Reports emerging from a meeting of euro zone finance ministry officials yesterday said that the German representative accused Greece of presenting a “ Trojan horse”and that much clearer commitments were needed. Greece needed to commit to seek an extension of the programme, to agree any changes in the programme with the troika and to seek to successfully conclude it, the German representative was reported as saying.

However later soundings from the meeting suggested that some progress had been made in meeting German concerns. There is scope for compromise here. The Greek letter is ambiguous in a lot of its wording – deliberately so, the Germans feel – but Athens could clarify its intentions. Germany and the rest could allow it some wriggle room by agreeing to examine some policy changes, subject to an assessment of its finances. There is also, of course, scope for a big row and for fears to grow that Greece will leave its programme at the end of next week without a financial backstop.

Muddle through

Its exchequer might muddle through for a while, though for how long is debatable, with IMF repayments due in March and repayments to the ECB due during the summer.

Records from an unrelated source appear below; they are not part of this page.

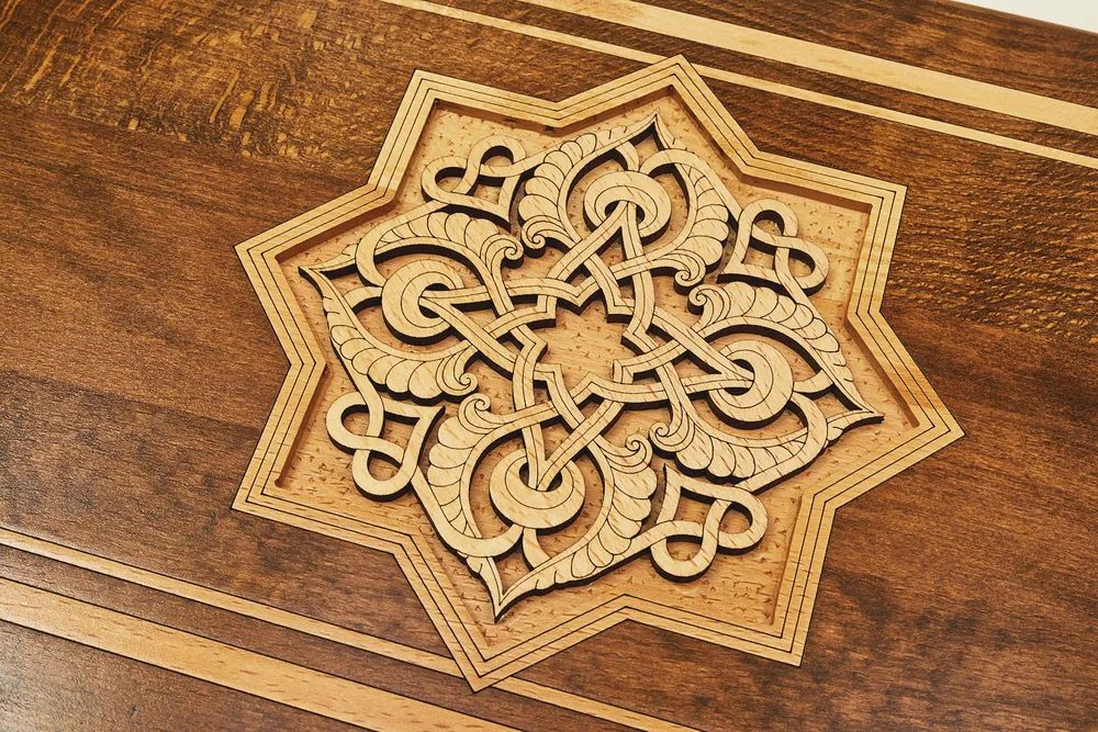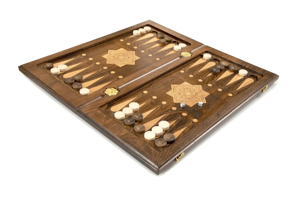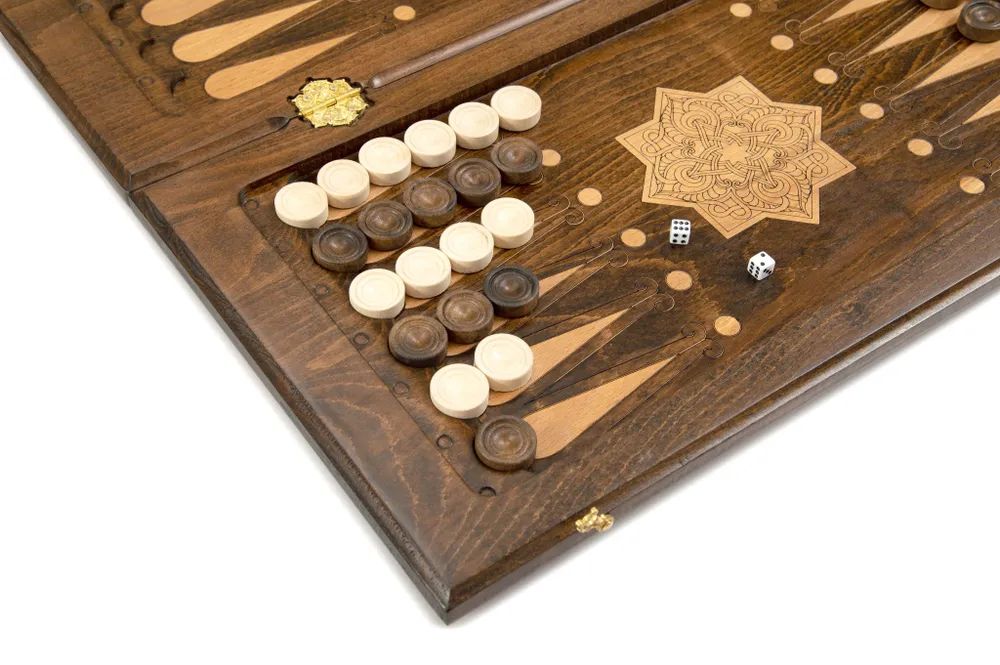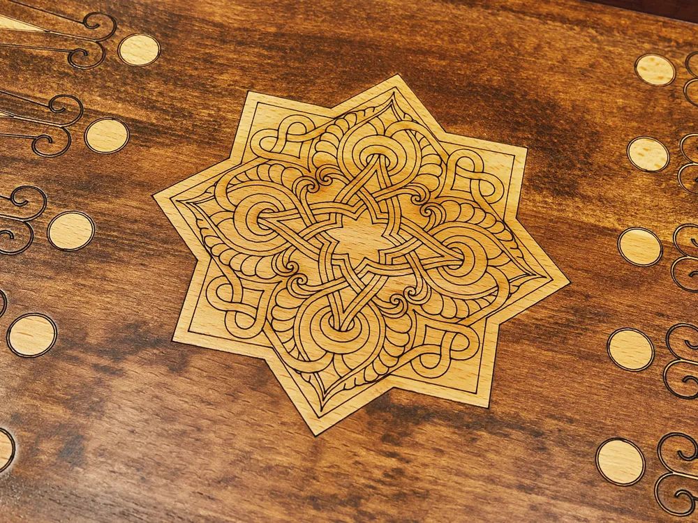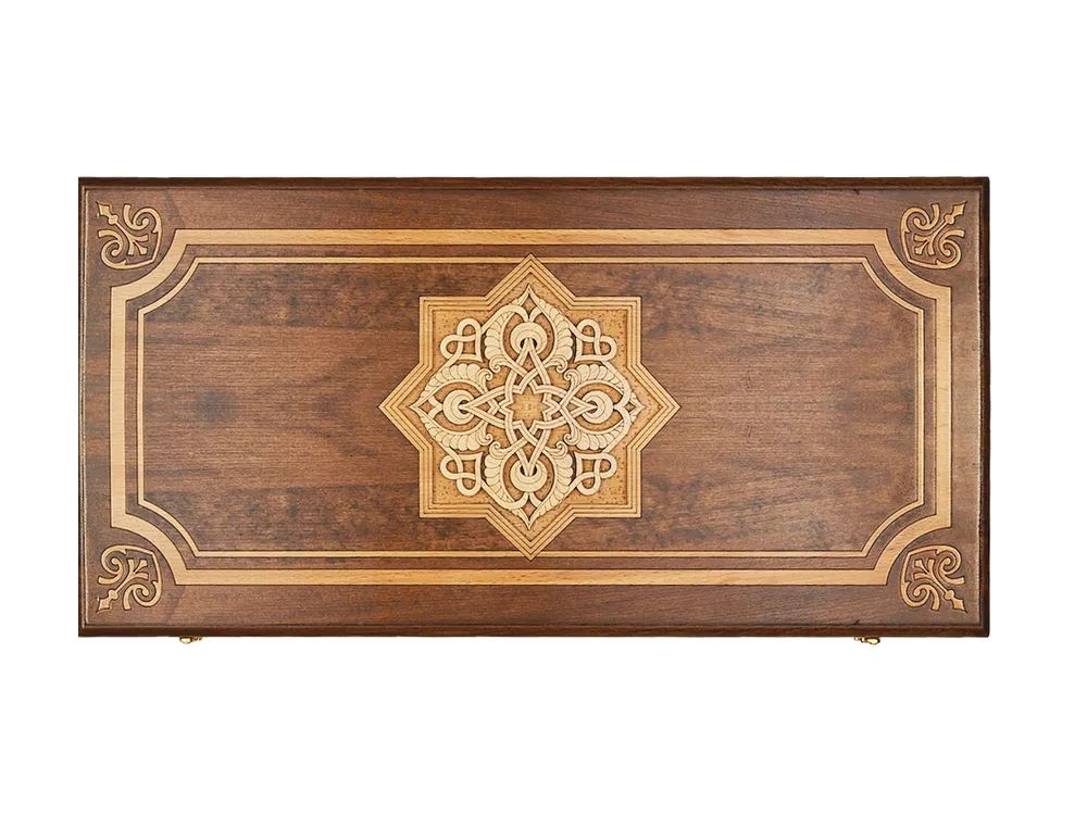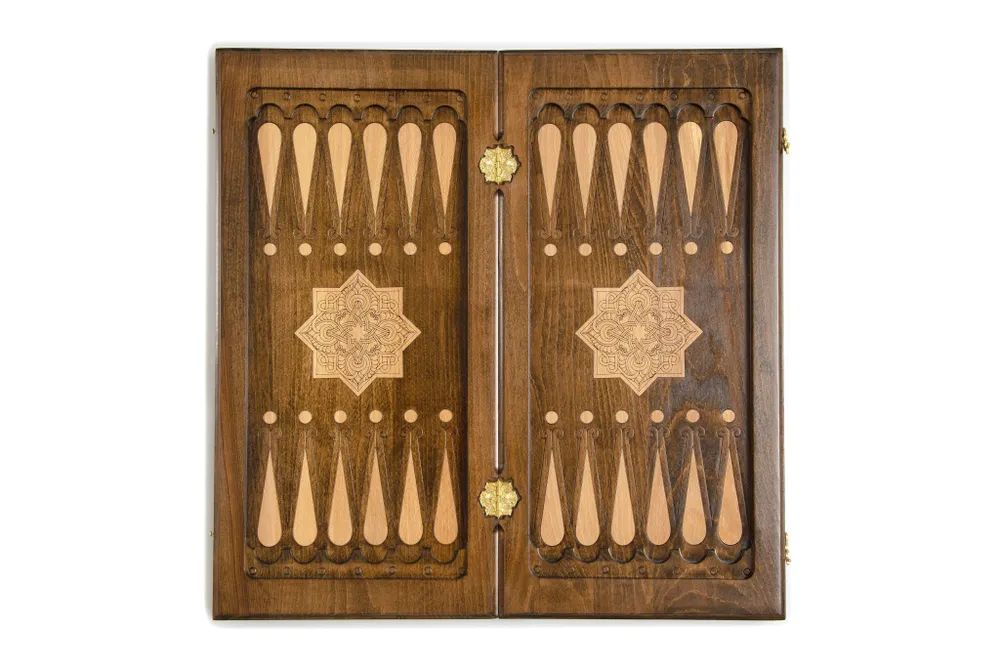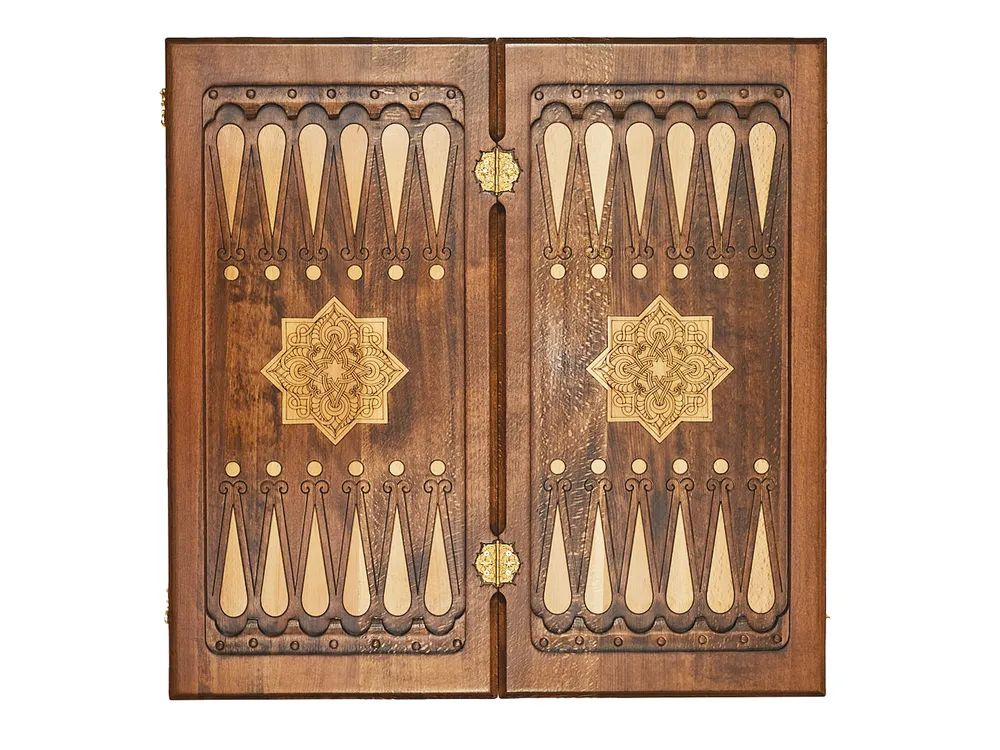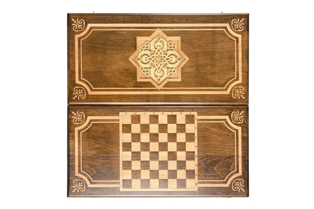Эксклюзивный набор для игры в нарды и шашки ручной работы. Набор выполнен из букового дерева. Верхняя сторона игровой доски обрамлена рамкой с украшениями по углам, по центру расположился орнамент из изумительно тонкой, ажурной резьбы в восточном стиле. На нижней стороне располагается шашечное поле. Внутренняя сторона предназначена для игры в нарды, она также украшена красивым орнаментом. Набор укомплектован фишками в количестве 32 штуки, разделенными на светлые и темные и двумя кубиками. Для сохранности предусмотрен чехол. Уникальная работа мастера превращает игровой набор в произведение искусства, которое оценят любители игры.
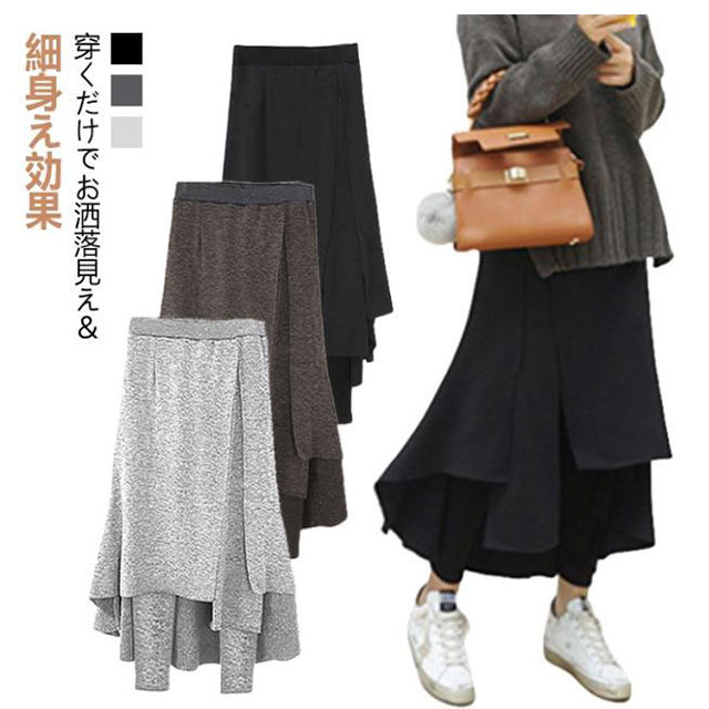 スカート付レギンス レギンス付きスカート 薄手 レディース スパッツ レイヤード風 重ね着 キュロット ロングスカート アシンメトリー スカート フレアスカート Aライン ボトムス レギパン 春秋 ウエストゴム ストレッチ 大きいサイズ 体型カバー 大人 可愛い 送料無料
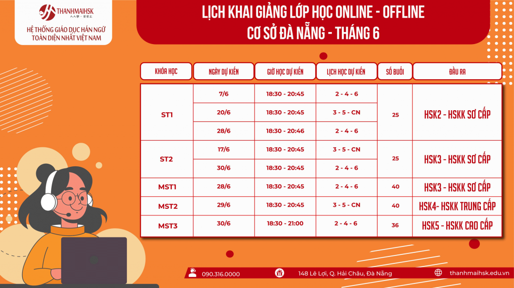 Lịch khai giảng các lớp tiếng Trung cơ sở Đà Nẵng tại THANHMAIHSK tháng 6/2021 Địa chỉ Cơ sở: Số 148 Lê Lợi – Quận Hải Châu – Đà Nẵng Hotline: 090.316.0000 (8h30 đến 21h các ngày trong tuần) Lịch khai giảng lớp học Tiếng Trung cơ sở Đà Nẵng 1. Lớp học tiếng Trung ST1 Đối…
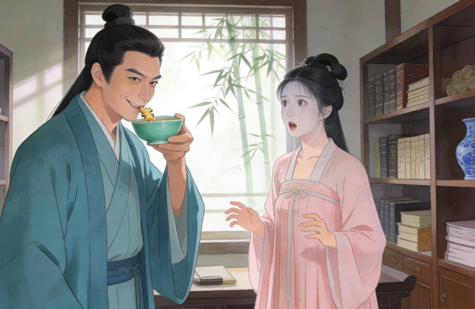 妻子林秀娘端着一碗热汤走进来,脸上带着温和的笑意:"相公,天凉了,我熬了些姜汤,你趁热喝。"
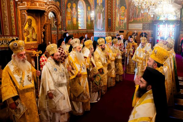 Στην Ακολουθία του Όρθρου χοροστάτησε ο Σεβ. Μητροπολίτης Θήρας, Αμοργού και Νήσων κ. Αμφιλόχιος, ενώ της πολυαρχιερατικής Θείας Λειτουργίας προεξήρχε ο εορτάζων Σεβ. Μητροπολίτης Μεσσηνίας κ. Χρυσόστομος. Συλλειτούργησαν οι Σεβ. Μητροπολίτες Ξάνθης και Περιθεωρίου κ. Παντελεήμων, Άρτης κ. Καλλίνικος, Ιλίου, Αχαρνών και Πετρουπόλεως κ. Αθηναγόρας, Κηφισίας, Αμαρουσίου και Ωρωπού κ. Κύριλλος, Μαρωνείας και Κομοτηνής κ. Παντελεήμων, Θεσσαλιώτιδος και Φαναριοφερσάλων κ. Τιμόθεος, Μεγάρων και Σαλαμίνος κ. Κωνσταντίνος, Καρθαγένης κ. Μελέτιος, Σταγών και Μετεώρων κ. Θεόκλητος, Λήμνου και Αγίου Ευστρατίου κ. Ιερόθεος, Πολυάνης και Κιλκισίου κ. Βαρθολομαίος, Θήρας, Αμοργού και Νήσων κ. Αμφιλόχιος, Μαντινείας και Κυνουρίας κ. Επιφάνιος, καθώς και ο Θεοφιλέστατος Επίσκοπος Τεγέας κ. Θεόκλητος.
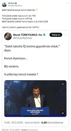 Bugün ise yaptığı paylaşımda 5 yılda toplamda 9 bin konut yapabildiğini itiraf etmiş oldu. 1000 bin konut sözünü unuttu ve kentsel dönüşümü hızlandırdık diye yalan söylerken yüzü bile kızarmadı. İstanbul depremini ön tedbirler alması, bunu bir siyaset üstü mesele olarak görmesi gerektiği söylenmesine rağmen icraat değil laf üretti."
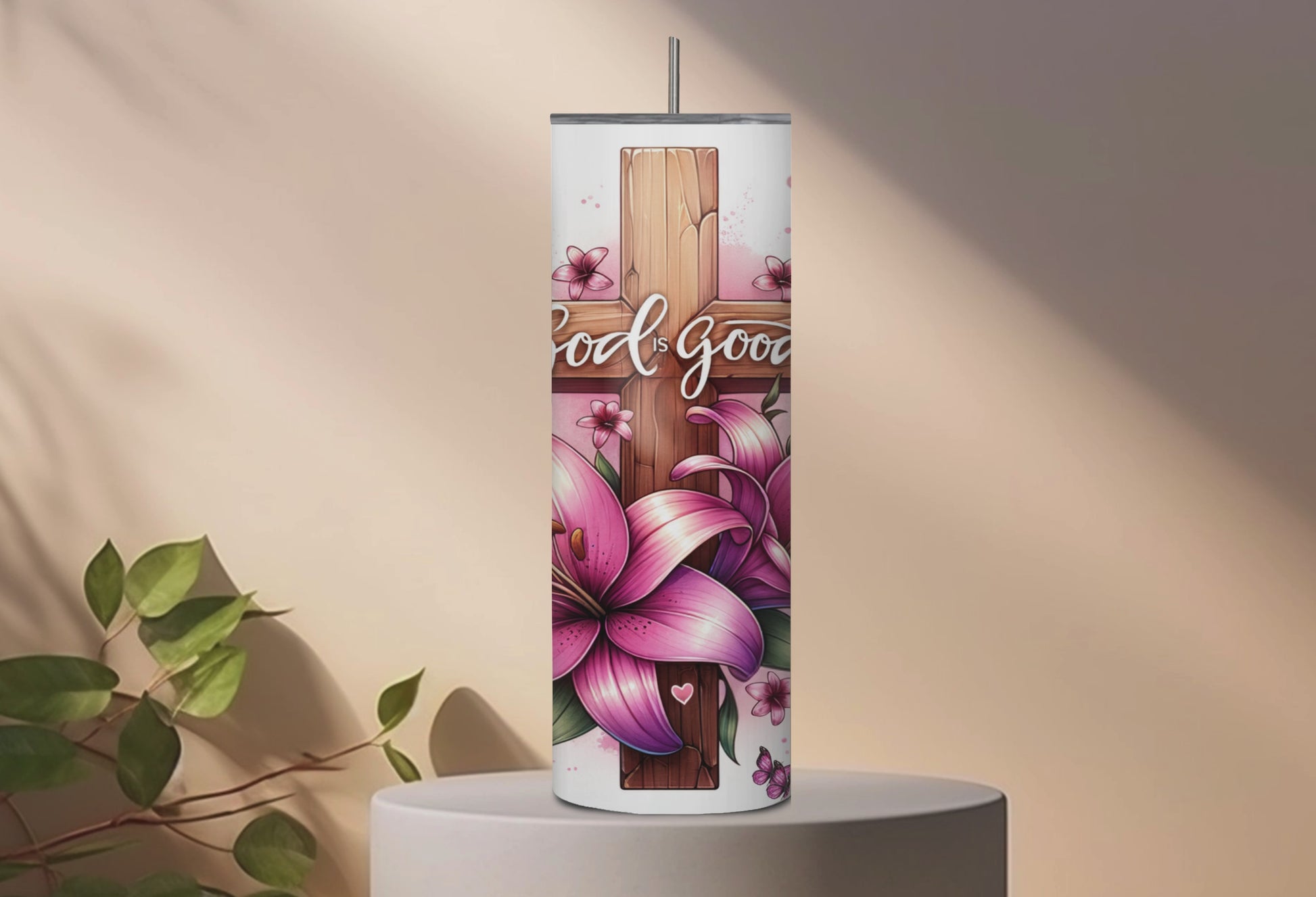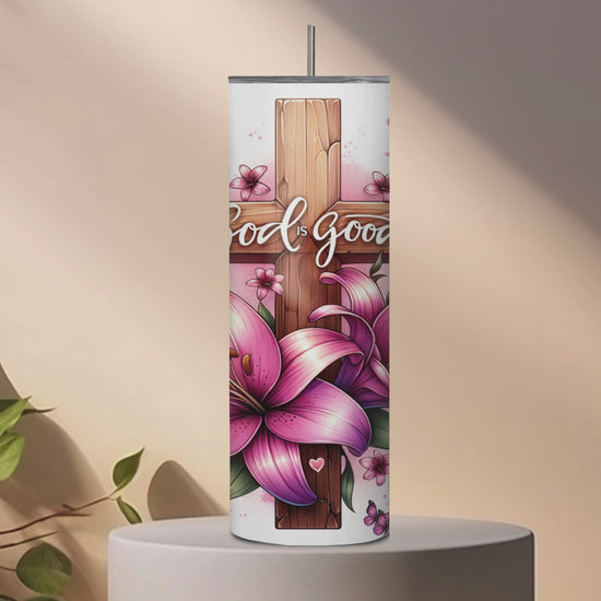 20 oz Skinny Tumbler – “God is Good” Christian Design

However, the real pressure point is the banking system. The ECB has agreed to extend emergency liquidity support for the Greek banks for two weeks to a total of €68.3 billion. If talks break down completely, the ECB could withdraw support on the basis of questioning the solvency of the banking system. There could also be queues of depositors wanting to withdraw cash, putting pressure on to impose capital controls to limit the amount that could be withdrawn or sent overseas, as happened in Cyprus in 2013.

Both Greece and the rest of the euro zone say they want Greece to stay in the euro to at least allow a few months of talks to try to find a long-term way forwward. Today’s meeting will be a key signal on the possibility of this happening.